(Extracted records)

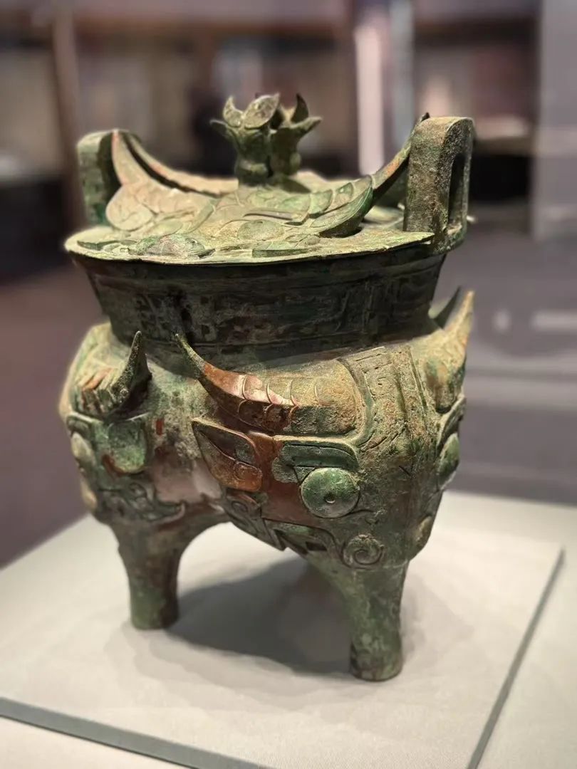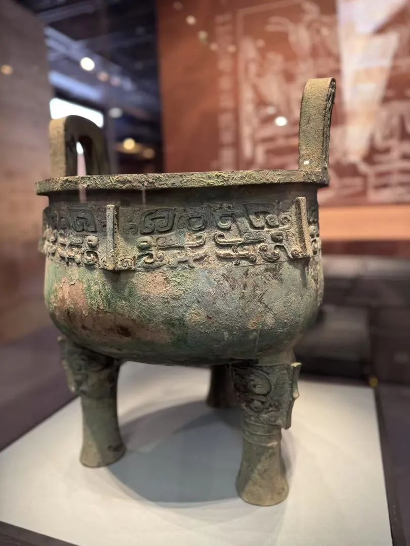 这次展览,被誉为“鼎天鬲地”组合的国宝级文物堇鼎、伯矩鬲,实现了“合璧”展出。参观完“双重城垣”复原图,再往展厅里面走就能看到它们。
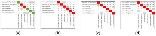 Based on Table 5, the proposed improved model achieves the highest accuracy among the six classification models when generating the augmented dataset. Notably, the average accuracy using the GoogLeNet model reaches up to 93.64%, surpassing the accuracy of the original dataset, original model, and datasets expanded by deep learning generation models. For the classification results of VGG16, ResNet50, DenseNet50, and GoogLeNet, confusion matrices are presented in Figure 11, Figure 12, Figure 13 and Figure 14. In these figures, (a) represents the original dataset, (b) represents the CycleGAN model augmented dataset, (c) corresponds to the augmented dataset using the improved model from this paper, and (d) signifies the Pix2Pix model augmented dataset.
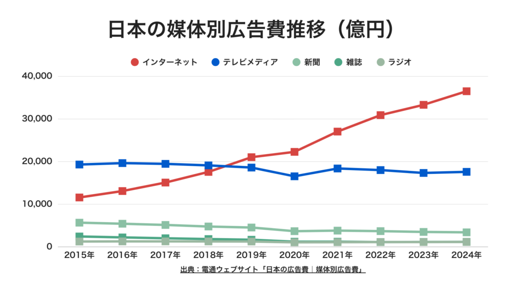 2019年、インターネット広告費がテレビ広告費を超え、その差は拡大し続けています。多くの企業がECサイトで商品を販売し、Google検索面、Yahoo!検索面、YouTube、Instagram、LINEなど、さまざまな媒体に多額の広告費を投じています。
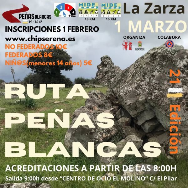 El próximo 1 de marzo se celebrará la vigésimo primera edición de la tradicional Ruta Senderista Peñas Blancas de La Zarza, una actividad ideal para disfrutar de la naturaleza y del entorno serrano de la localidad. La ruta discurre por el PR-BA 47, ofreciendo un recorrido variado y atractivo, con tramos de gran valor paisajístico. Modalidades de recorrido. Ruta principal: 18K con 580 m+. Ruta alternativa: 16 km con dificultad baja–media. Opción pensada para participantes con menor nivel técnico o físico. Servicios incluidos: desayuno, avituallamientos, obsequio, comida final y animación. La salida tendrá lugar a las 9:00h desde el centro de ocio "El Molino".
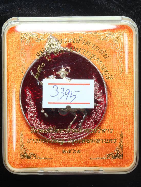 เลขสวย 3395 พิมพ์ใหญ่ กะไหล่เงินลงยาแดง เหรียญสมเด็จพระเจ้าตากสินมหาราช 250 ปีสถาปนากรุงธนบุรี วัดหงส์รัตนารามราชวรวิหาร ปี 2561 ตรวจ/แก้ไขแบบ โดย อาจารย์เฉลิมชัย โฆษิตพิพัฒน์ เหรียญสวยน่าเก็บ//No |
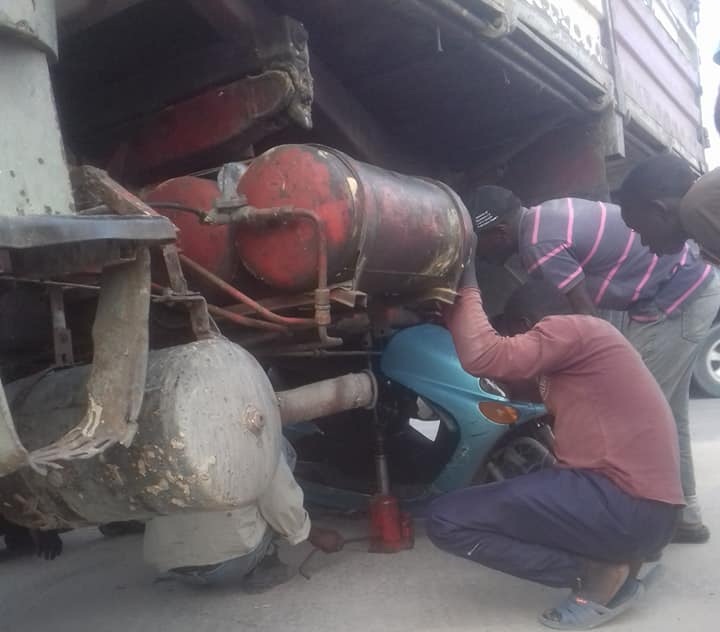 شهدت منطقة السفارة الامريكية الجديدة وسط العاصمة نواكشوط حادثا مروعا يوم أمس بين شاحنة كبيرة ودراجة نارية.
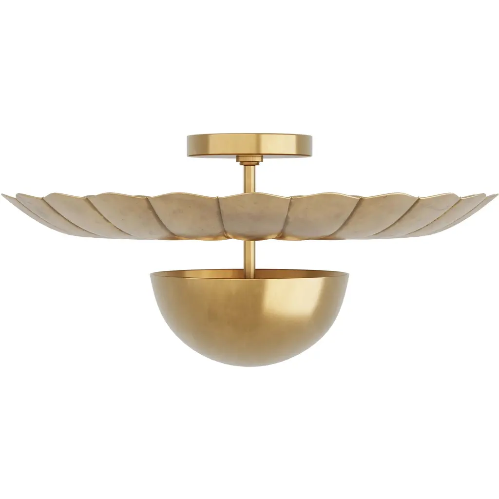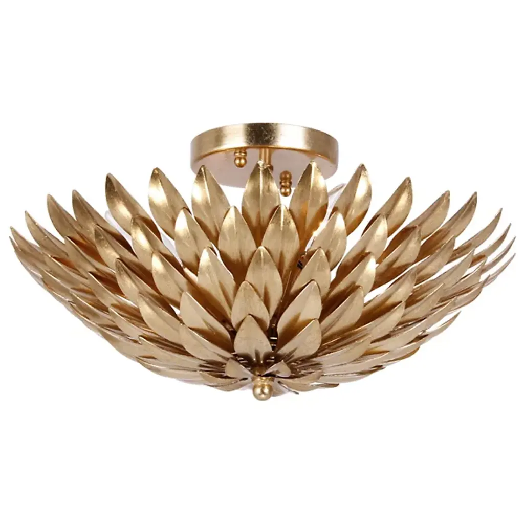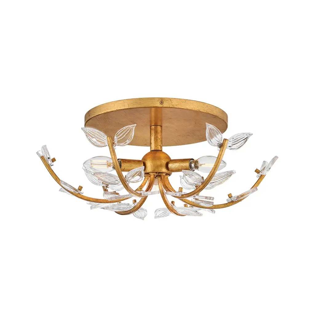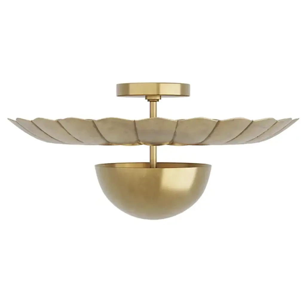 The Eden Semi-Flushmount from Capital Lighting transforms botanical inspiration into sculptural lighting through curved metal leaves that radiate outward like an opening flower. Each leaf-shaped element curves gracefully from the central mounting point, creating organic movement that softens the ceiling line. The design captures that moment when a bloom reaches full extension, with the metal framework forming delicate petals that house integrated LED lighting. This approach brings natural forms indoors while the upward-facing configuration provides ambient illumination that washes across ceilings.
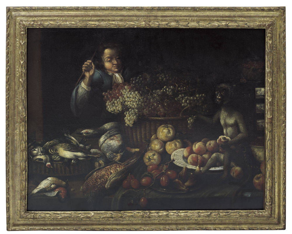 Natura morta con frutta, figura e scimmia
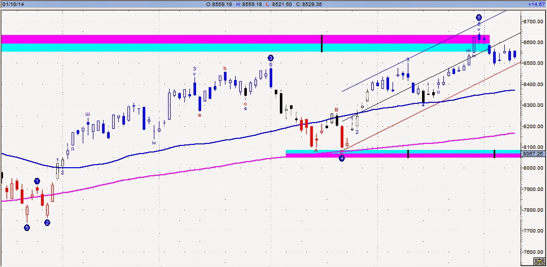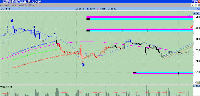 八跟六到了,報紙此時寫元月行情來了、現股當沖也帶來成交量、財經機構預測2014年台股要漲到9字頭的一堆,此時,大盤在12/31封關見8647高點後,就此拉回整理,看股市文章最想知道的是找到些對未來的看法,會一直看就代表這篇文章追蹤下來有其參考性(所以你才會一直看週報),我們就用科學性的角度來看台股未來可能走勢。
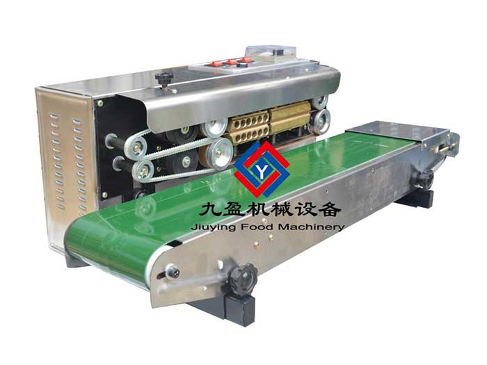 3、當裝有物品的包裝放置在輸送帶上,袋的封口部份被自動送入運轉(zhuǎn)中的兩根封口帶并帶入加熱區(qū),加熱塊的熱量通過封口帶傳輸?shù)酱姆饪诓糠荩贡∧な軣崛圮洠偻ㄟ^冷卻區(qū),使薄膜表面溫度適當下降,然后經(jīng)過滾花輪(或印字輪)滾壓,使封口部份上下塑料薄膜粘合并壓制出網(wǎng)狀花紋(或印制標志),再由導向橡膠帶與輸送帶將封好的包裝袋送出機外,完成封口作業(yè)
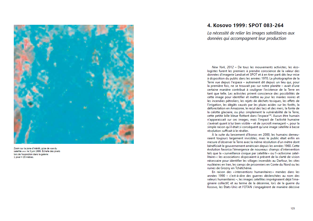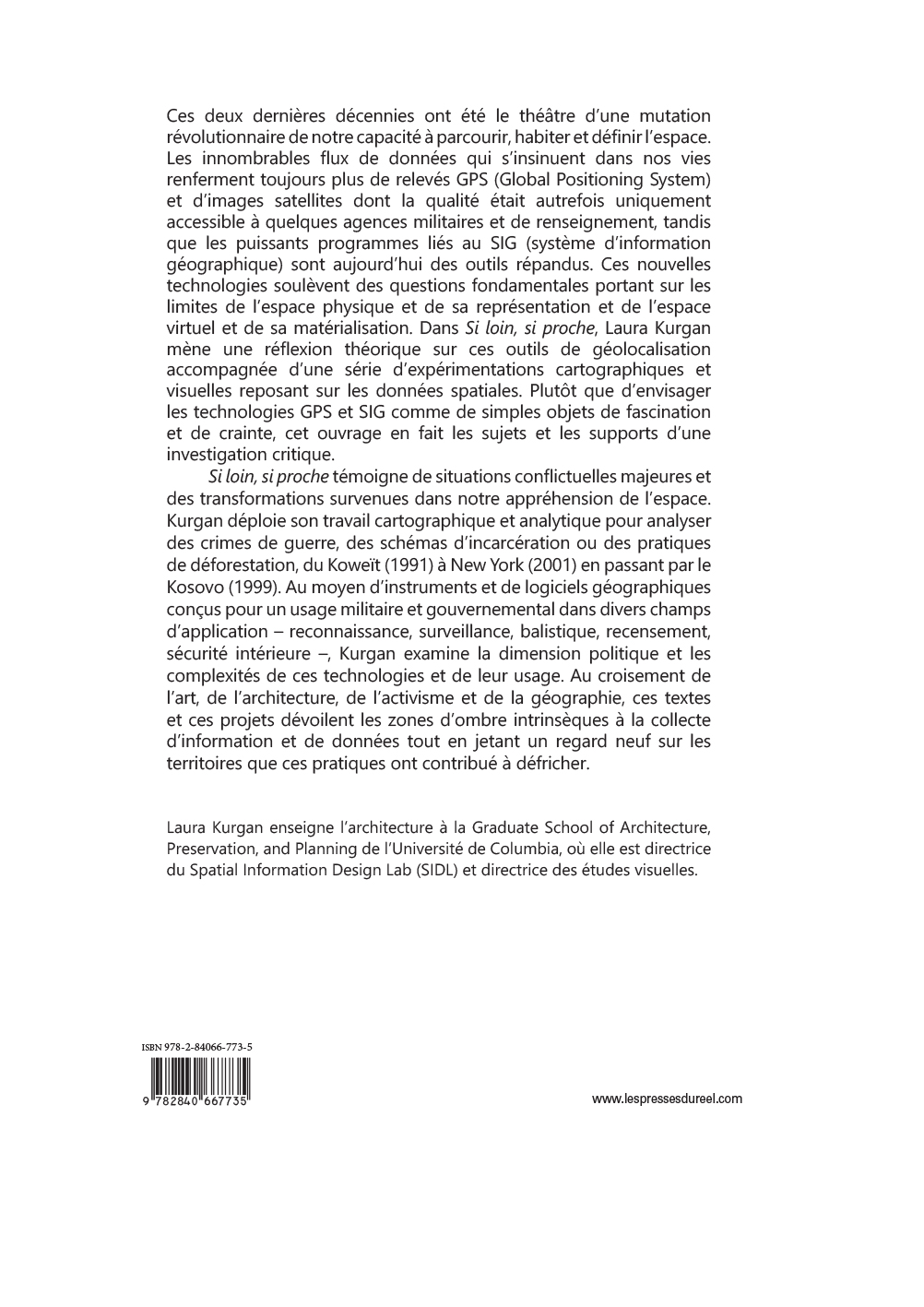 Si loin, si proche témoigne de situations conflictuelles majeures et des transformations survenues dans notre appréhension de l'espace. Kurgan déploie son travail cartographique et analytique pour analyser des crimes de guerre, des schémas d'incarcération ou des pratiques de déforestation, du Koweït (1991) à New York (2001) en passant par le Kosovo (1999). Au moyen d'instruments et de logiciels géographiques conçus pour un usage militaire et gouvernemental dans divers champs d'application – reconnaissance, surveillance, balistique, recensement, sécurité intérieure –, Kurgan examine la dimension politique et les complexités de ces technologies et de leur usage. Au croisement de l'art, de l'architecture, de l'activisme et de la géographie, ces textes et ces projets dévoilent les zones d'ombre intrinsèques à la collecte d'information et de données tout en jetant un regard neuf sur les territoires que ces pratiques ont contribué à défricher.
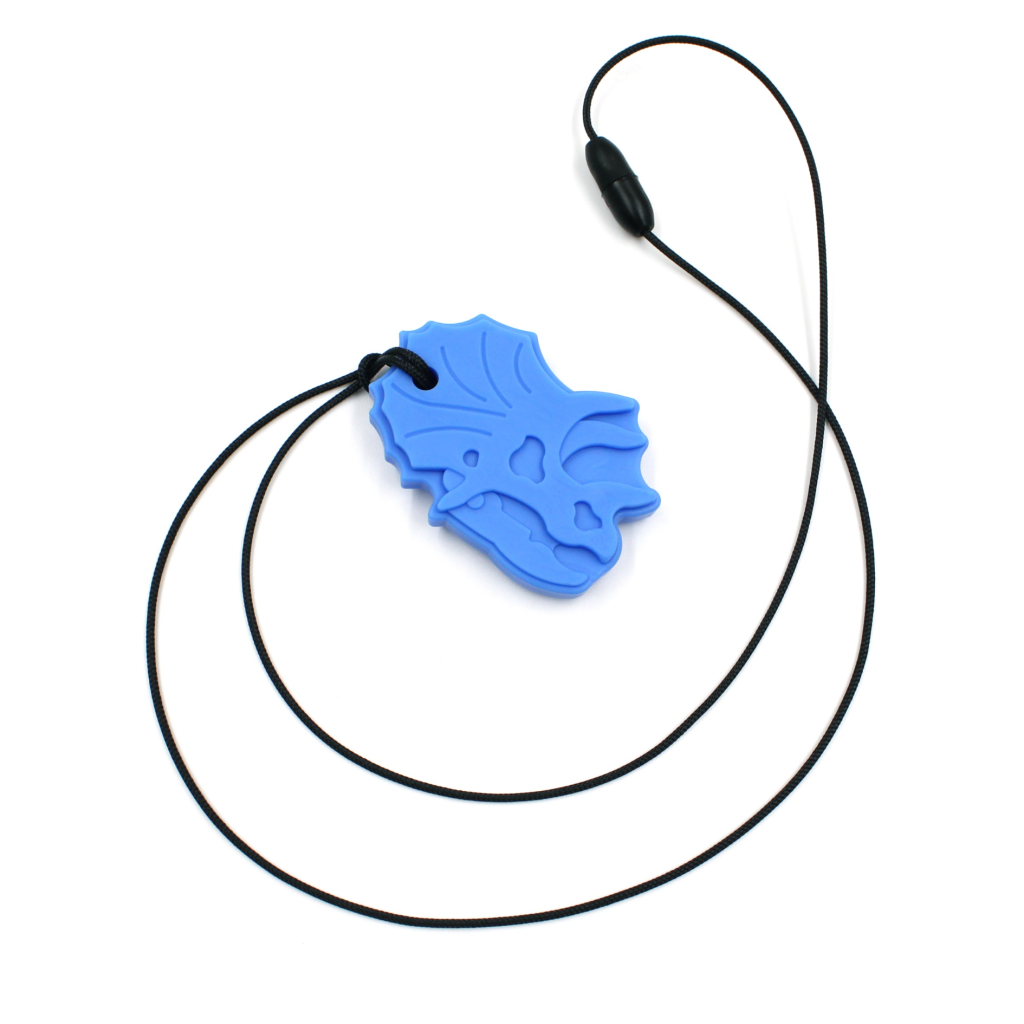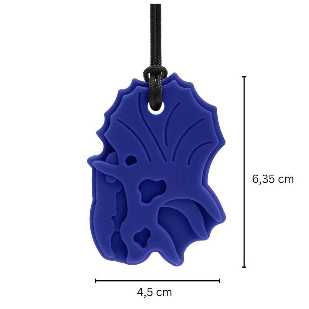 Direkte fra kridttiden er ARKs Triceratops tyggehalskæde et fossilt tyggehjælpemiddel, som dinosaurfans vil elske. Hvert vedhæng i form af et Triceratops-kranie måler cirka 6,35 cm i højden, 4,5 cm i bredden og lige under 1 cm i tykkelsen. Det er en fremragende mulighed for dem, der foretrækker at tygge med fortænderne eller kindtænderne. Brug denne orale sensoriske løsning som et sikkert alternativ til at tygge på kuglepenne, skjorter, fingre osv. og til beroligelse, koncentration og selvregulering.

» **Problem description**
Leaving out any images, restate every record word for word.

» **Solution to this exercise**
 这次展览,被誉为“鼎天鬲地”组合的国宝级文物堇鼎、伯矩鬲,实现了“合璧”展出。参观完“双重城垣”复原图,再往展厅里面走就能看到它们。
 Based on Table 5, the proposed improved model achieves the highest accuracy among the six classification models when generating the augmented dataset. Notably, the average accuracy using the GoogLeNet model reaches up to 93.64%, surpassing the accuracy of the original dataset, original model, and datasets expanded by deep learning generation models. For the classification results of VGG16, ResNet50, DenseNet50, and GoogLeNet, confusion matrices are presented in Figure 11, Figure 12, Figure 13 and Figure 14. In these figures, (a) represents the original dataset, (b) represents the CycleGAN model augmented dataset, (c) corresponds to the augmented dataset using the improved model from this paper, and (d) signifies the Pix2Pix model augmented dataset.
 2019年、インターネット広告費がテレビ広告費を超え、その差は拡大し続けています。多くの企業がECサイトで商品を販売し、Google検索面、Yahoo!検索面、YouTube、Instagram、LINEなど、さまざまな媒体に多額の広告費を投じています。
 El próximo 1 de marzo se celebrará la vigésimo primera edición de la tradicional Ruta Senderista Peñas Blancas de La Zarza, una actividad ideal para disfrutar de la naturaleza y del entorno serrano de la localidad. La ruta discurre por el PR-BA 47, ofreciendo un recorrido variado y atractivo, con tramos de gran valor paisajístico. Modalidades de recorrido. Ruta principal: 18K con 580 m+. Ruta alternativa: 16 km con dificultad baja–media. Opción pensada para participantes con menor nivel técnico o físico. Servicios incluidos: desayuno, avituallamientos, obsequio, comida final y animación. La salida tendrá lugar a las 9:00h desde el centro de ocio "El Molino".
 เลขสวย 3395 พิมพ์ใหญ่ กะไหล่เงินลงยาแดง เหรียญสมเด็จพระเจ้าตากสินมหาราช 250 ปีสถาปนากรุงธนบุรี วัดหงส์รัตนารามราชวรวิหาร ปี 2561 ตรวจ/แก้ไขแบบ โดย อาจารย์เฉลิมชัย โฆษิตพิพัฒน์ เหรียญสวยน่าเก็บ//No |
 شهدت منطقة السفارة الامريكية الجديدة وسط العاصمة نواكشوط حادثا مروعا يوم أمس بين شاحنة كبيرة ودراجة نارية.
 The Eden Semi-Flushmount from Capital Lighting transforms botanical inspiration into sculptural lighting through curved metal leaves that radiate outward like an opening flower. Each leaf-shaped element curves gracefully from the central mounting point, creating organic movement that softens the ceiling line. The design captures that moment when a bloom reaches full extension, with the metal framework forming delicate petals that house integrated LED lighting. This approach brings natural forms indoors while the upward-facing configuration provides ambient illumination that washes across ceilings.
 Natura morta con frutta, figura e scimmia
 八跟六到了,報紙此時寫元月行情來了、現股當沖也帶來成交量、財經機構預測2014年台股要漲到9字頭的一堆,此時,大盤在12/31封關見8647高點後,就此拉回整理,看股市文章最想知道的是找到些對未來的看法,會一直看就代表這篇文章追蹤下來有其參考性(所以你才會一直看週報),我們就用科學性的角度來看台股未來可能走勢。
 3、當裝有物品的包裝放置在輸送帶上,袋的封口部份被自動送入運轉(zhuǎn)中的兩根封口帶并帶入加熱區(qū),加熱塊的熱量通過封口帶傳輸?shù)酱姆饪诓糠荩贡∧な軣崛圮洠偻ㄟ^冷卻區(qū),使薄膜表面溫度適當下降,然后經(jīng)過滾花輪(或印字輪)滾壓,使封口部份上下塑料薄膜粘合并壓制出網(wǎng)狀花紋(或印制標志),再由導向橡膠帶與輸送帶將封好的包裝袋送出機外,完成封口作業(yè)
 Si loin, si proche témoigne de situations conflictuelles majeures et des transformations survenues dans notre appréhension de l'espace. Kurgan déploie son travail cartographique et analytique pour analyser des crimes de guerre, des schémas d'incarcération ou des pratiques de déforestation, du Koweït (1991) à New York (2001) en passant par le Kosovo (1999). Au moyen d'instruments et de logiciels géographiques conçus pour un usage militaire et gouvernemental dans divers champs d'application – reconnaissance, surveillance, balistique, recensement, sécurité intérieure –, Kurgan examine la dimension politique et les complexités de ces technologies et de leur usage. Au croisement de l'art, de l'architecture, de l'activisme et de la géographie, ces textes et ces projets dévoilent les zones d'ombre intrinsèques à la collecte d'information et de données tout en jetant un regard neuf sur les territoires que ces pratiques ont contribué à défricher.
 Direkte fra kridttiden er ARKs Triceratops tyggehalskæde et fossilt tyggehjælpemiddel, som dinosaurfans vil elske. Hvert vedhæng i form af et Triceratops-kranie måler cirka 6,35 cm i højden, 4,5 cm i bredden og lige under 1 cm i tykkelsen. Det er en fremragende mulighed for dem, der foretrækker at tygge med fortænderne eller kindtænderne. Brug denne orale sensoriske løsning som et sikkert alternativ til at tygge på kuglepenne, skjorter, fingre osv. og til beroligelse, koncentration og selvregulering.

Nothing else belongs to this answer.